Hi Atul,
I read again about Feature Envy. A short overview is available at http://sis36.berkeley.edu/projects/streek/agile/bad-smells-in-code.html#FeatureEnvy. Unfortunately I don’t have the Refactoring book from Martin Fowler, et al, which introduced this bad code smell, and as I haven’t seen further examples, I may not have understand Feature Envy correctly. I think your main concern is that the public class is feature envy at the private class because the public class accesses the data of the private one. You further don’t like that private classes don’t have ctors of their own and in your opinion the Private class is calling for some refactoring and more “classy” look ;-). I hope I get you right.

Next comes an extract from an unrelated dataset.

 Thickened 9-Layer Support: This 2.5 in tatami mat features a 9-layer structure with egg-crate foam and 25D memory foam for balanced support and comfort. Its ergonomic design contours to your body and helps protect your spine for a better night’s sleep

Here is how I see the role of the Private class. I have to admit I borrowed the concept form Qt, which is in fact a wonderful framework developed by obviously quite good folks ;-). Earlier Anders Larsen commented that private data is used (in KDE for example) to retain binary compatibility with older versions of libraries. That’s definitely one of the reasons why Qt uses private classes but there are also others. Reference counting on the private data can easily be implemented. Getters can have the same names as the properties without ugly prefixing or suffixing of the private property members. The header file dependencies can be reduced if the headers required for the implementation are included in the cpp file only. There are probably others…

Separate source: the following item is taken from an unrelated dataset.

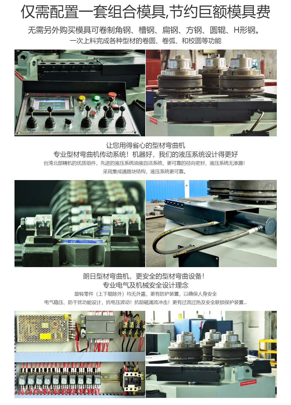 公司主要產(chǎn)品有:大、中、小型,型材彎曲機(jī)、 型材卷圓機(jī)、 法蘭成型機(jī)等型材彎曲設(shè)備。我們的優(yōu)勢:僅需配置一套組合模具,節(jié)約巨額模具費無需另外購買模具可卷制角鋼、槽鋼、扁鋼、方鋼、圓輥、H形鋼。一次上料完成各種型材的卷圓、卷弧、和校圓等功能。支持非標(biāo)定制。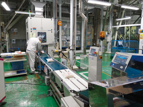 自動計量包装機で袋詰めした後、ウェイトチェッカー・金属検出機等で最終確認を行います。

I think what is important to point out what is the problem that the Private class is trying to solve. Languages like C# and Objective C have the concept of partial classes. You can declare functions and member variables in both the header and the source files and have the compiler combine them together. That’s not possible in C++ and the private class tries to circumvent that limitation. That’s the reason why Qt declares the private classes friends and also the private classes declare the public ones friends. Although syntactically separate, the public and private classes are semantically one and the same thing! That said it should be obvious why Private does not need ctors and dtors of its own and why the public class cannot be feature envy of the private part of itself ;-).